SUMENEP, Jatimkita.id – Kontroversi pelaksanaan program Makanan Bergizi Gratis (MBG) di RA Hidayatut Thalibin (RA HT), Kecamatan Pragaan, Kabupaten Sumenep, kembali mencuat. Setelah sebelumnya menu sempat diperbaiki usai ramai diberitakan, sejumlah guru kini menilai kualitas makanan kembali menurun dan jauh dari standar yang diharapkan.
Program yang disalurkan SPPG Pakamban Laok 2 dan dikelola Yayasan Bumi Asfan Abadi itu sebelumnya menuai penolakan wali murid. Bahkan, beberapa guru dan siswa dilaporkan mengalami diare yang diduga berkaitan dengan ayam bakar yang kurang matang.

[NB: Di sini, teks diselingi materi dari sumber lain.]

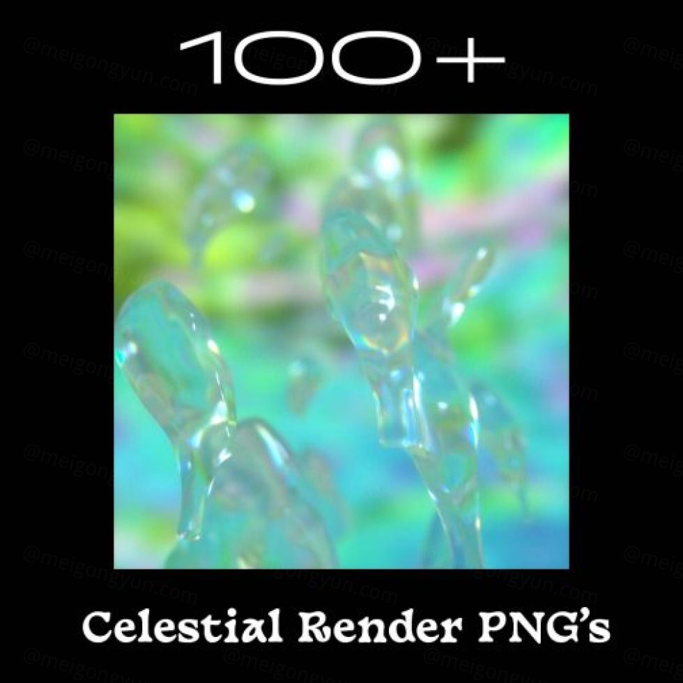 恐惧渲染卷。4 - 天人。全新的渲染。该软件包包含 100 多个 Y2K 风格抽象渲染的 PNG 文件。由 40 个独特的“生物”组成,每一个都有完全不同的形状和颜色。每个生物都有 3 个版本*:透明、带背景和景深滤镜**。每个渲染都可以在 PHOTOSHOP 等软件中非常容易地进行操作,并通过颜色校正调整来满足您的渲染需求。

Menanggapi polemik tersebut, pihak yayasan mengaku telah melakukan evaluasi menyeluruh terhadap dapur produksi MBG. Ketua Yayasan Bumi Asfan Abadi menyatakan pihaknya langsung menggelar rapat internal begitu menerima laporan keluhan.
“Kabar tersebut langsung kami tindak lanjuti dengan rapat dan evaluasi di dapur,” ujarnya melalui pesan WhatsApp, Rabu (11/2/2026).
Pihak pengelola juga sempat mengganti menu yang sebelumnya diprotes wali murid. Namun, perbaikan itu disebut tidak berlangsung lama. Sejumlah guru menilai perubahan kualitas makanan hanya terjadi ketika kasus sedang menjadi sorotan publik.
“Waktu ramai diberitakan, menunya memang lebih baik. Tapi setelah situasi reda, kembali seperti sebelumnya,” ungkap seorang guru berinisial A.
Ia juga menyoroti ukuran porsi yang dinilai semakin kecil. Potongan ayam dan tempe disebut tidak sesuai dengan standar menu MBG yang semestinya telah ditentukan.
“Saya heran, potongan lauk makin kecil. Padahal setahu saya ukuran menu sudah ada aturannya,” katanya.